REQUIRED ACTION
Under this line are records; the part from the line containing "Panini contenders optic" through the line containing "Bác sĩ Nguyễn" should be repeated exactly. Please exclude pictures.

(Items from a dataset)

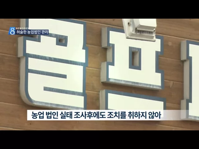 ◀ANC▶ 감사원이 최근 농업법인을 감사했는데, 관리실태가 허술한 것으로 드러났습니다. 과수원 땅에 골프연습장을 짓는가 하면, 문제 법인 관리도 제대로 안되고 있는 것으로 나타났습니다. 한태연 기자가 보도합니다. ◀END▶ ◀VCR▶ 경북의 한 농촌에 있는 실외 골프연습장, 이곳은 원래 과수원 땅이지만 A농업법인...
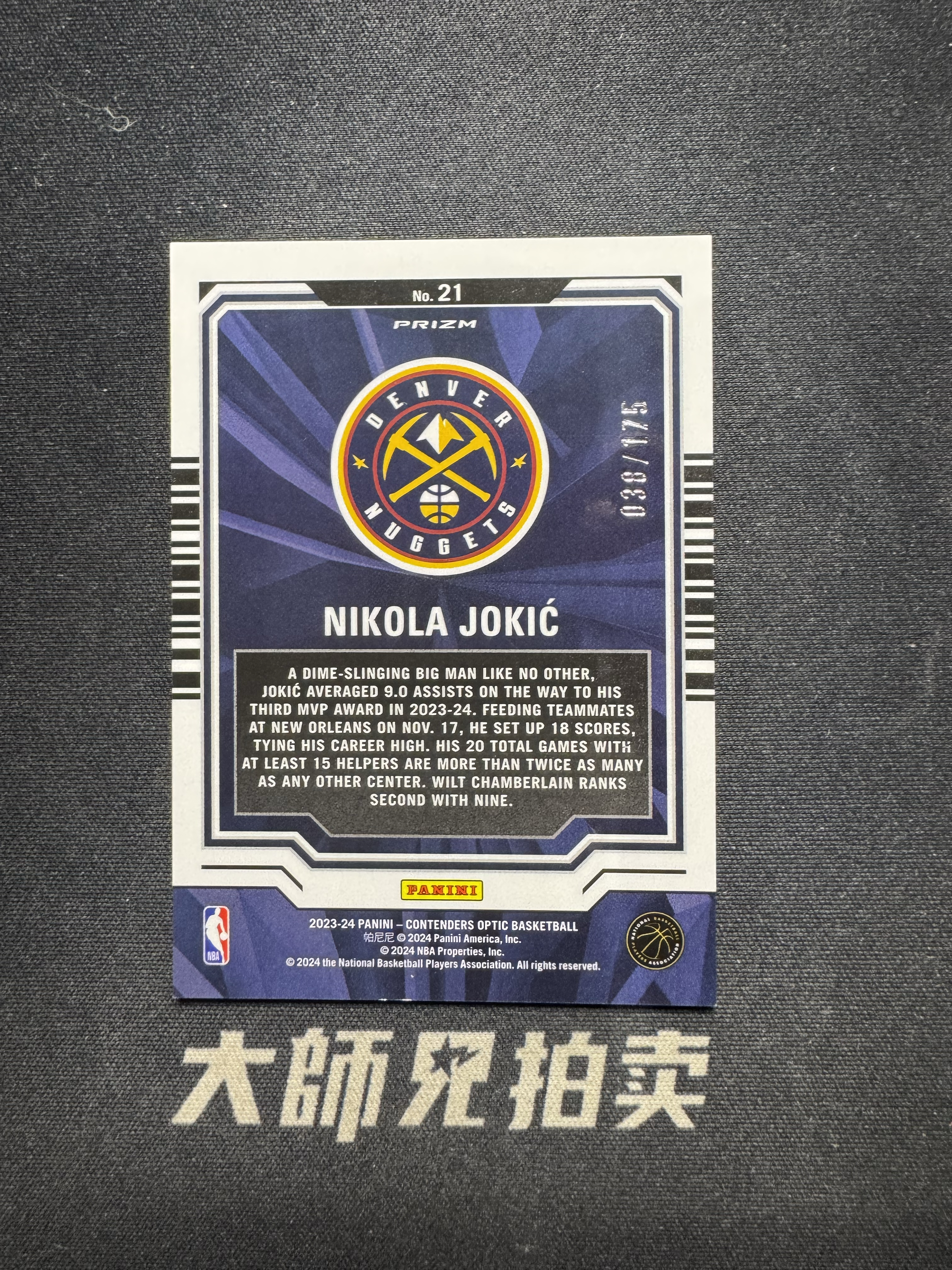 【大师兄拍卖】2023-24 Panini contenders optic NIKOLA JOKIC 掘金 尼古拉 约基奇 op球票 /175编 红碎冰折 数据特卡 通行品 -Keith-
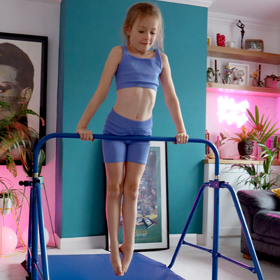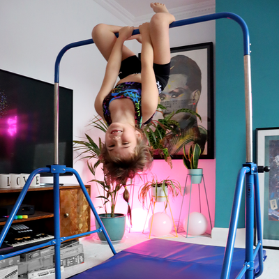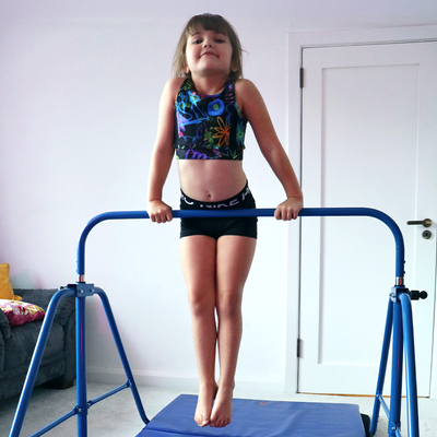 The ideal starter bar should prioritise stability, safety, and compact storage. The I Love Gymnastics Essential Bar & Mat Set features a triangular base for reduced sway, five height settings (90–131 cm) perfect for ages 3 – 9, protective rubber feet, and a fold-away design - giving families a sturdy, space-saving first bar setup.
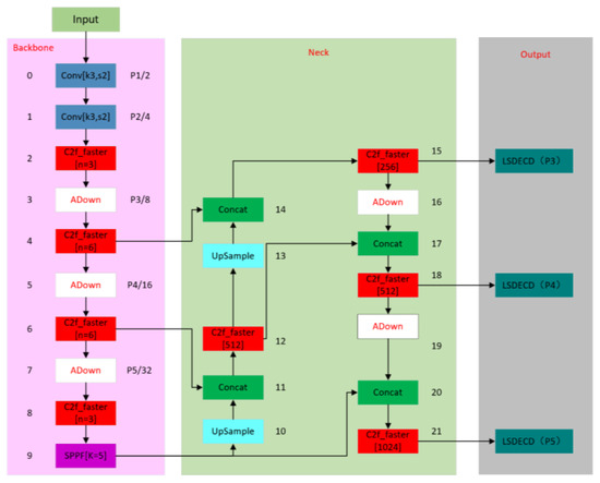 Finally, the main improvement of the network is divided into three parts. The first part is improved by using the red module, replacing the original C2f module with C2f_faster, which has the advantage of a lightweight detection network. The second part is improved by using the white module, replacing the original extraction module with the ADown module. The advantages of this module can not only improve the extraction efficiency but also reduce the number of model parameters and the amount of calculation. In the third part, the dark green module is used to improve the display, and the original detection head is changed to the self-developed LSDECD detection head. The advantages of this module are that it not only improves detection efficiency but also helps the lightweight model.
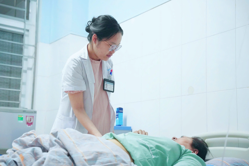 Bác sĩ Nguyễn Phạm Thu Phương khám lại cho bệnh nhân sau phẫu thuật.
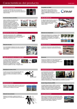 La cámara IP bala ZHR8182X ofrece grabación en 4K Ultra HD con visión nocturna de hasta 35 metros y resistencia al agua IP66. Incorpora funciones de enfoque automático, detección de movimiento y alertas de manipulación, además de ser compatible con estándares de seguridad como ONVIF. Su diseño permite la instalación en diversas condiciones ambientales y proporciona imágenes con detalles naturales y colores vibrantes.

YOUR SOLUTION
 【大师兄拍卖】2023-24 Panini contenders optic NIKOLA JOKIC 掘金 尼古拉 约基奇 op球票 /175编 红碎冰折 数据特卡 通行品 -Keith-
 The ideal starter bar should prioritise stability, safety, and compact storage. The I Love Gymnastics Essential Bar & Mat Set features a triangular base for reduced sway, five height settings (90–131 cm) perfect for ages 3 – 9, protective rubber feet, and a fold-away design - giving families a sturdy, space-saving first bar setup.
 Finally, the main improvement of the network is divided into three parts. The first part is improved by using the red module, replacing the original C2f module with C2f_faster, which has the advantage of a lightweight detection network. The second part is improved by using the white module, replacing the original extraction module with the ADown module. The advantages of this module can not only improve the extraction efficiency but also reduce the number of model parameters and the amount of calculation. In the third part, the dark green module is used to improve the display, and the original detection head is changed to the self-developed LSDECD detection head. The advantages of this module are that it not only improves detection efficiency but also helps the lightweight model.
 Bác sĩ Nguyễn Phạm Thu Phương khám lại cho bệnh nhân sau phẫu thuật.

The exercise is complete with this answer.